---
title: "Lecture 3: Exercises"
date: October 4th, 2018
output: 
  html_notebook:
    toc: true
    toc_float: true
    df_print: paged
---

```{r global_options, echo = FALSE, include = FALSE}
options(width = 80)
knitr::opts_chunk$set(
  warning = FALSE, message = FALSE,
  cache = FALSE, tidy = FALSE, size = "small")
```

```{r, warning=FALSE, message=FALSE}
library(tidyverse)
```


# Exercise 1: Parsing data
 
## Part 1: Parsing dates

Generate the correct format string to parse each of the following dates and times:
```{r}
d1 <- "January 1, 2010"
d2 <- "2015-Mar-07"
d3 <- "06-Jun-2017"
d4 <- c("August 19 (2015) - 3:04PM", "July 1 (2015) - 4:04PM")
d5 <- "12/30/14" # Dec 30, 2014
t1 <- "1705"     # 5:05PM
```


## Part 2: Read a CSV file
 
Download this NCHS dataset on leading Causes of death in the United States, 
from 1999 to 2015: https://data.cdc.gov/api/views/bi63-dtpu/rows.csv.

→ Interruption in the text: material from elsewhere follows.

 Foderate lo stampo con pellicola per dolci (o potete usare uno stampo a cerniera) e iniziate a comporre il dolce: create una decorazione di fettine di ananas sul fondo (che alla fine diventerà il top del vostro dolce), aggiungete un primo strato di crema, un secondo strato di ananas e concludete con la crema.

Then, import it into R. Are some of the colums the wrong type?
If not is there any column that could be a factor instead of character
type?

# Execise 2: Data manipulation

## Part 1: `dplyr` verbs

Load in the dataset `movies.csv` used in the lecture:

```{r}
url <- "https://raw.githubusercontent.com/Juanets/movie-stats/master/movies.csv"
movies <- read_csv(url)
```


a. Find a subset of the movies produced after 2010. 
Save the subset in 'movies.sub' variable.

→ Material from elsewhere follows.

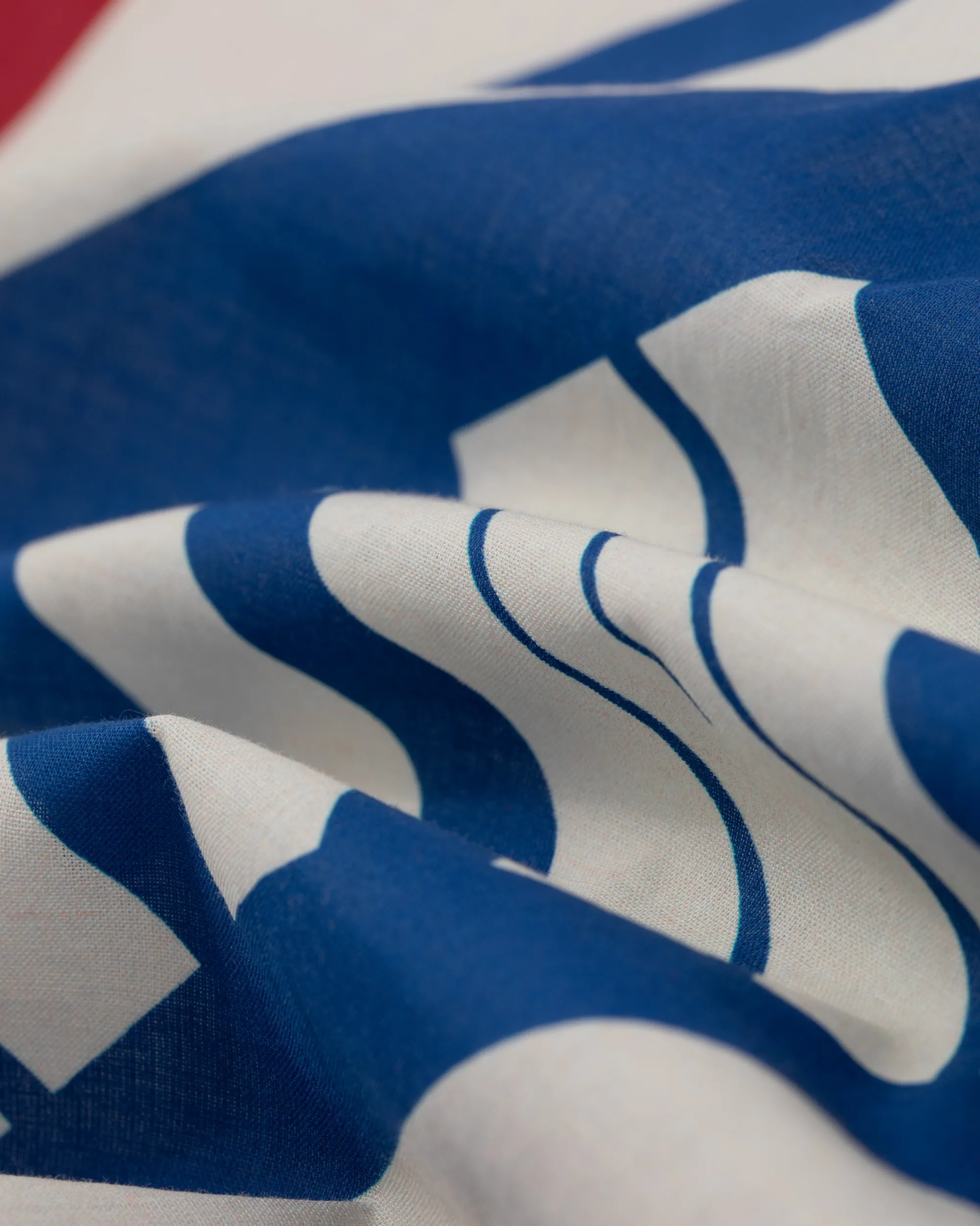 - • Cream, blue, & red bandana• Printed polka dot graphic throughout• 100% Cotton• Hand wash• Made in China

b. Keep columns 'name', 'director', 'year', 'country', 'genre', 'budget', 'gross', 'score'
in the 'movies.sub'.

c. Find the profit for each movie in 'movies.sub' as a fraction of its budget.
Convert 'budget' and 'gross' columns million dollar units founded to the first decimal point.
Use `round()` to round numbers.

d. Count the number of movies in 'movies.sub' produced by each genre,
and order them in the descending count order.

e. Now group movies in 'movies.sub' by countries and genre.
Then, count the number of movies in each group and the corresponding 
median fractional profit, the mean and standard deviation of 
the movie score for each group.


## Part 2: Chaining

Using chaining and pipes, for each genre find the three directors the
top mean movie scores received for the movies produced after 2000,
after filtering out the directors with fewer than 5 movies in total.
Hint: Use `top_n()` function to select top n from each group.

Find the movies in your favourite genre by the 5 directors
you just found. These could serve as suggestions for your next movie night!